Records drawn from a dataset
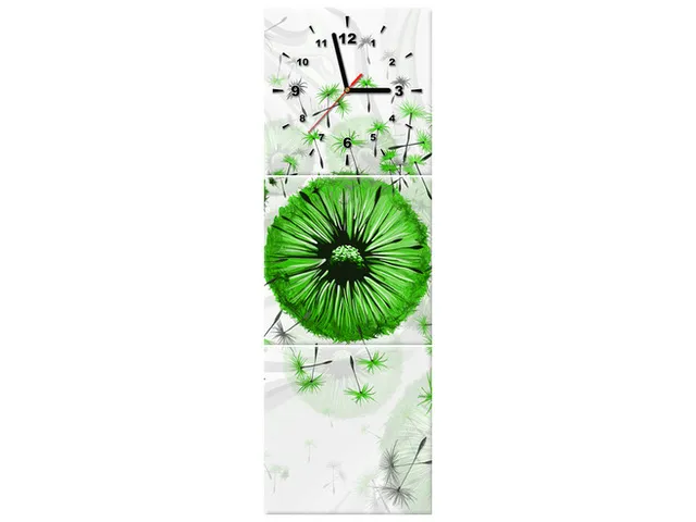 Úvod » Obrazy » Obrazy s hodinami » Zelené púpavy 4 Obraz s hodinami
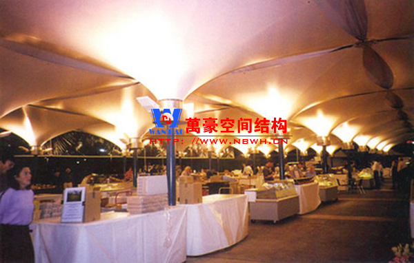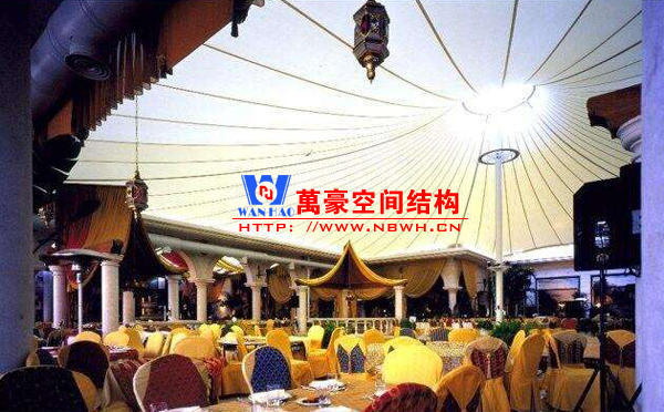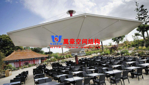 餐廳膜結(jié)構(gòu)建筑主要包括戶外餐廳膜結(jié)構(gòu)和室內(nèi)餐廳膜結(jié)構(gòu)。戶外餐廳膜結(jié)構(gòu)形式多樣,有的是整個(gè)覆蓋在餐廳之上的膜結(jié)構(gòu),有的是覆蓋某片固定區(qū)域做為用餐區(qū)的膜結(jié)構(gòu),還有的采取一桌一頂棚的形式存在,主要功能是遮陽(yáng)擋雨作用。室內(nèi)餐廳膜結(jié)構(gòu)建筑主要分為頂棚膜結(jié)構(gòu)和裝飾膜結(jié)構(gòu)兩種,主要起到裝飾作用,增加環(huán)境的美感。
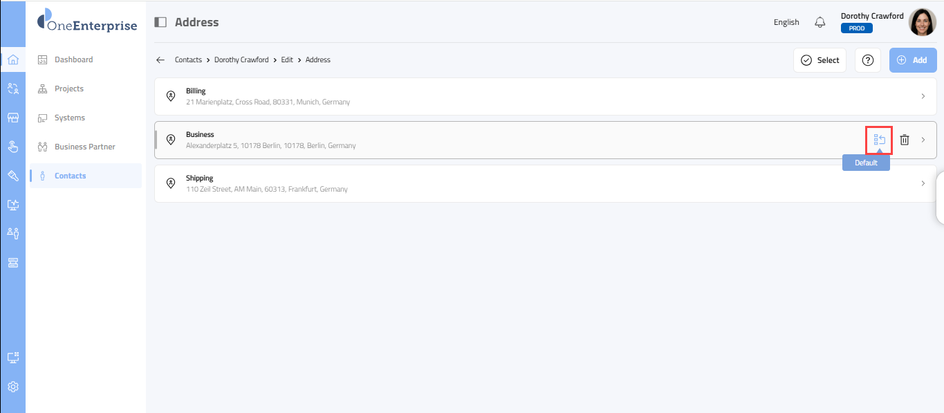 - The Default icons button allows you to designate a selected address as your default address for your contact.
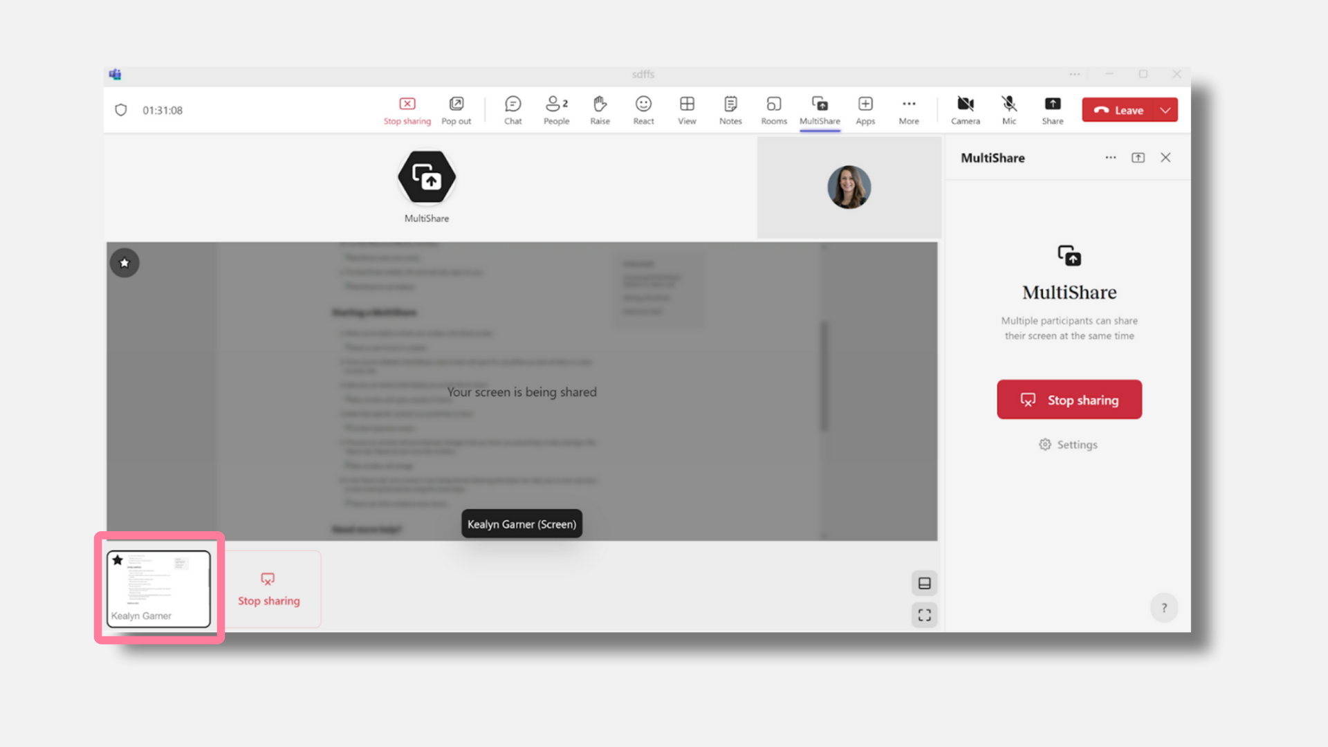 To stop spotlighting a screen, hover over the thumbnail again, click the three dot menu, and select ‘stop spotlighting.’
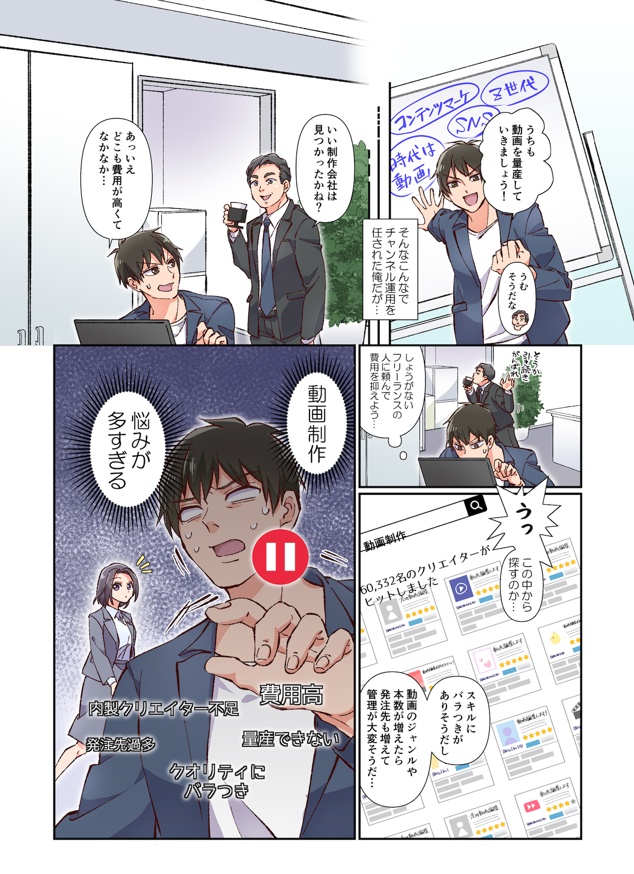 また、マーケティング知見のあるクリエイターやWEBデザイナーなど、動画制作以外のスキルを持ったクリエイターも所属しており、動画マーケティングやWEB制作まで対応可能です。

> [WHAT TO PRODUCE]
Take the lines from the one holding "餐廳膜結(jié)構(gòu)建筑主要包" through the final line of the records above and output them exactly, both ends included, excluding pictures.

> [SOLUTION TO THIS EXERCISE]
 餐廳膜結(jié)構(gòu)建筑主要包括戶外餐廳膜結(jié)構(gòu)和室內(nèi)餐廳膜結(jié)構(gòu)。戶外餐廳膜結(jié)構(gòu)形式多樣,有的是整個(gè)覆蓋在餐廳之上的膜結(jié)構(gòu),有的是覆蓋某片固定區(qū)域做為用餐區(qū)的膜結(jié)構(gòu),還有的采取一桌一頂棚的形式存在,主要功能是遮陽(yáng)擋雨作用。室內(nèi)餐廳膜結(jié)構(gòu)建筑主要分為頂棚膜結(jié)構(gòu)和裝飾膜結(jié)構(gòu)兩種,主要起到裝飾作用,增加環(huán)境的美感。
 - The Default icons button allows you to designate a selected address as your default address for your contact.
 To stop spotlighting a screen, hover over the thumbnail again, click the three dot menu, and select ‘stop spotlighting.’
 また、マーケティング知見のあるクリエイターやWEBデザイナーなど、動画制作以外のスキルを持ったクリエイターも所属しており、動画マーケティングやWEB制作まで対応可能です。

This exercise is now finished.